По другому каналу выступал весь бронзовый от загара юморист Михаил Задорнов, и зал уверенно хохотал. По третьему танцевал Майкл Джексон и делал неприличные движения мошонкой.
– Гимнастика против простатита, – прокомментировал Лёша.
Вряд ли. Вряд ли Майкл Джексон так уж этого боится. Он же не спал на сырой земле. Лёша был вынужден с этим согласиться, потому что сам-то он спал на скамейке.

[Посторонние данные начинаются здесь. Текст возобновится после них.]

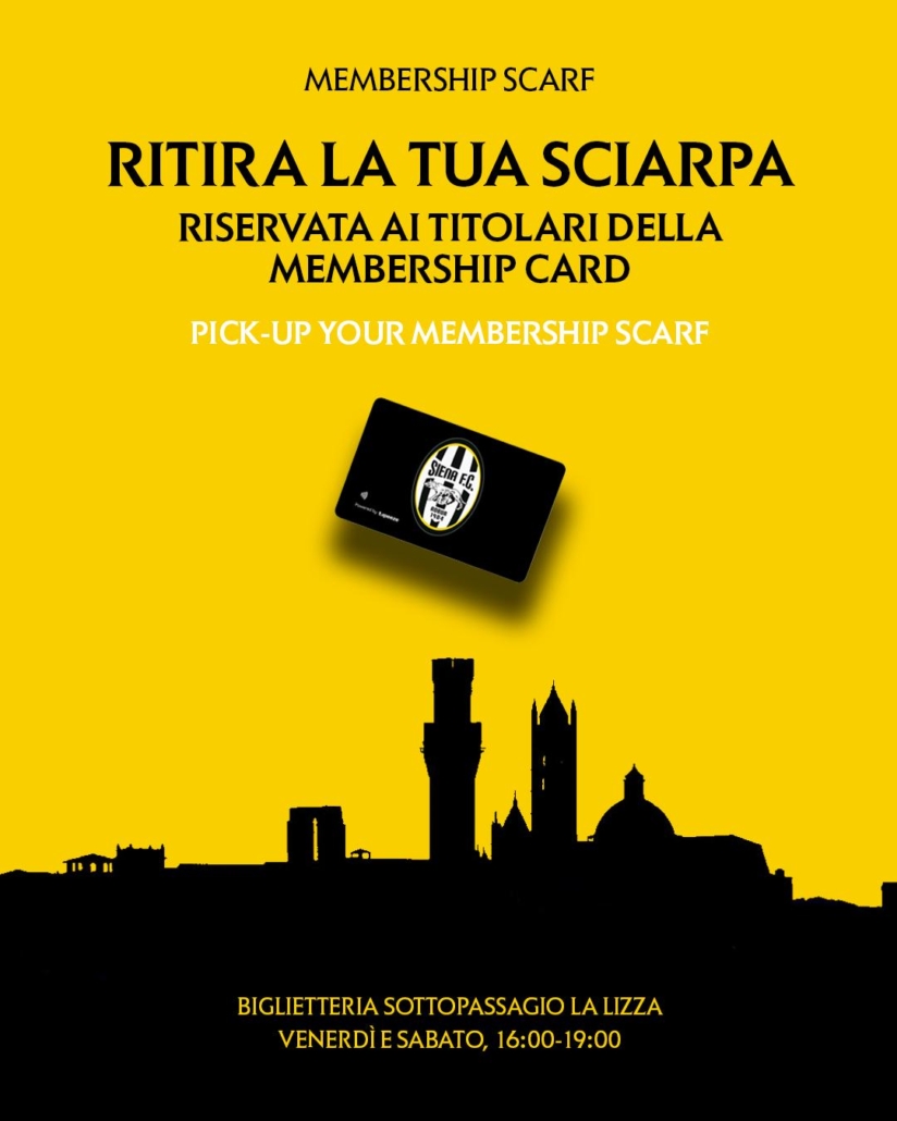 È arrivata la sciarpa esclusiva della Robur riservata esclusivamente ai possessori della Membership Card. Si può ritirare oggi e domani dalle 16 alle 19 alla biglietteria del sottopassaggio La Lizza, che sarà aperta anche per la consegna degli abbonamenti e la vendita dei biglietti di Orvietana-Siena (che non si possono acquistare direttamente allo stadio). Chi non può prendere la sciarpa in questi due giorni lo potrà fare durante le partite casalinghe, quando saranno allestiti dei punti di ritiro.

Короче, ничто не говорило о том, что сегодня двадцать второе июня.
Мы вышли на крыльцо. Сначала нам показалось, что перед домом проходит собрание членов кооператива. Возможно, даже по поводу новой дороги. Возможно, даже объявили субботник, и сейчас нам дадут по лопате и бросят в прорыв. Потому что едва мы вышли на крыльцо, как все замолчали и стали смотреть на нас.
Опять возникло это странное ощущение, что всё-таки началась война, а мы её дурацки проспали. Так, наверное, в Гонолулу какой-нибудь уоррент-офицер мог проспать нападение на Пёрл-Харбор. Но мы были слишком высокого о себе мнения. Смотрели не на нас, а на веранду. Как все до этого смотрели на теплицу. Снаружи теплица была издырявлена, как дуршлаг. Потом мы заглянули вовнутрь. Я в жизни не видел такого количества сладкого перца, нашпигованных таким количеством чёрного. Но то был, конечно, не перец, а мелкая свинцовая дробь.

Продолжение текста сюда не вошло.